ウクライナ軍を標的とした新マルウェアキャンペーンが発覚:慈善活動を装い「PluggyApe」を拡散

ウクライナ国防軍を狙う新たな脅威

2025年10月から12月にかけて、ウクライナ国防軍の当局者を標的とした新たなマルウェアキャンペーンが展開されました。このキャンペーンでは、慈善活動を装った手口で「PluggyApe」と呼ばれるバックドア型マルウェアが拡散されています。ウクライナのCERT(CERT-UA)は、この攻撃がロシアの脅威グループ「Void Blizzard」および「Laundry Bear」によるものである可能性が高いと報告しています。

Laundry Bearは、2024年にオランダ警察の内部システムを侵害し、機密情報を窃取したことで知られるグループです。

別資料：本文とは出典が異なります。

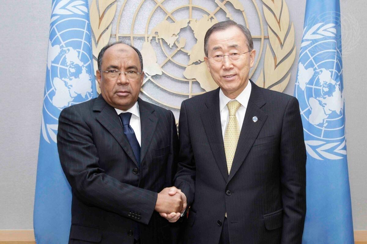 Secretary-General Ban Ki-moon (right) meets with Ahmed Ould Teguedi, new Permanent Representative of the Islamic Republic of Mauritania to the UN.
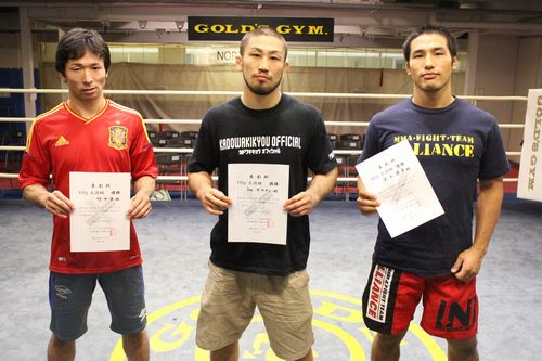 写真左より60kg未満級優勝の竹中、70kg未満級優勝のギロチン、80kg未満級優勝の鈴木

彼らはNATO加盟国を標的とし、ロシアの利益に合致する形でファイルや電子メールを窃取する活動を行っています。

巧妙な手口とマルウェアの詳細

CERT-UAが観測した攻撃は、SignalやWhatsAppのようなインスタントメッセージから始まります。メッセージの受信者は、慈善団体のウェブサイトを装ったURLに誘導され、関心のある文書が入っているとされるパスワード保護されたアーカイブファイルをダウンロードするよう促されます。しかし、これらのアーカイブには、PluggyApeのペイロードを含む悪意のあるPIFファイル(.docx.pif)が含まれています。場合によっては、マルウェアがメッセージアプリを通じて直接送信されることもあります。

この悪意あるPIFファイルは、Pythonアプリケーションを単一のパッケージにバンドルするためのオープンソースツール「PyInstaller」を使用して作成された実行可能ファイルです。

  • PluggyApeの機能:

    このバックドアは、ホストの情報をプロファイルし、被害者固有の識別子を含む情報を攻撃者に送信した後、遠隔からのコード実行コマンドを待ちます。Windowsレジストリを改変することで永続性を確保します。

  • PluggyApeの進化:

    以前の攻撃では「.pdf.exe」拡張子がローダーに使用されていましたが、2025年12月以降、攻撃者はPIF形式とPluggyApeバージョン2に切り替えました。バージョン2は、より優れた難読化、MQTTベースの通信、および高度な対分析チェックを特徴としています。

  • C2アドレスの取得:

    PluggyApeは、そのコマンド&コントロール(C2)アドレスを、rentry.coやpastebin.comのような外部ソースからBase64エンコード形式で取得します。これにより、ハードコードされたエントリーよりも柔軟な運用が可能になっています。

モバイルデバイスへの警告と攻撃の洗練化

CERT-UAは、モバイルデバイスがこの種の攻撃において主要な標的になっていると警鐘を鳴らしています。一般的に保護や監視が不十分なため、攻撃者にとって格好の標的となるからです。また、攻撃者は侵害されたアカウントやウクライナの通信事業者の電話番号を利用し、標的となる個人、組織、その業務内容に関する詳細かつ関連性の高い知識を示すことで、攻撃の説得力を高めていると説明しています。

CERT-UAの報告書には、慈善ポータルを装った詐欺ウェブサイトを含む、侵害の痕跡(IoC)の完全なリストが提供されています。